I did, however, get a lot of different views when it came to why they would or wouldn’t play as a female character. Some were a matter of culture. Some were a matter of “If I’m going to be staring at someone’s ass for 30 hours, it helps if the view is nice.” I was pleasantly surprised when quite a few men felt that the hyper-sexualization of female characters is over-rated. They’d rather play as a tough, smart, healthy looking woman over all else. So, why can’t publishers and developers see this? All they have to do is ask.
Along with posting on forums, I also posted a couple of polls where I could. The BioWare Social Network gave it the most attention, while the UbiSoft polls were mostly quiet. Here are the results regardless:
Results of the Polls were as of 6:30pm 3/28/2013 with 1-2 days exposure
If you’d also like to check out the forums I’ve posted to and read some of the discussions had, I’ve provided links below. Please feel free to peruse. These forums are still active, so if you’d like to post something, go right ahead.
UbiSoft U-Play Forums (this one is not as active as the others)
To me, as a woman, it doesn’t matter. Hell, why should it? I’ve been playing games with guys as the main character all my life. Sure, if I’m given the option to choose my gender in a game, I’ll choose to be a female character 100% of the time. But that doesn’t mean I won’t go back and play the same game as a male character afterwards. It’s the journey of the character that matters.

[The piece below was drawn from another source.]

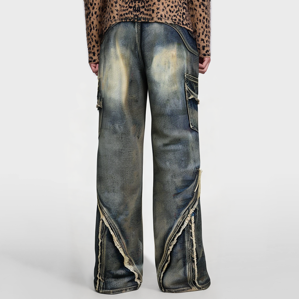 These men's jeans are crafted from a polyester/cotton blend satin fabric, combining comfort and durability for a lightweight, breathable wearing experience. The fabric has a soft texture and is fade-resistant, maintaining its deep washed-out color even after repeated washing. The overall style draws inspiration from retro high-street design, combining a relaxed fit with washed processing and personalized studded accents, embodying a casual yet trendy street-style aesthetic.

It’s my hopes for the future of this industry, that the right people realize that having a woman as our main protagonist isn’t going to ruin them. It’s good to know that from the opinions that I’ve gathered, most of them don’t put gender into consideration when they decide to purchase a game. A great deal of us don’t see that it should be a a topic of issue as much as the publishers and developers do. So go create more original Female Protagonists! Make more Tomb Raider! Bring us more Metroid! There’s no reason to over saturate the gaming world with big, rugged, badass, dudes anymore. It’s time to move forward, and bring more women into the spotlight.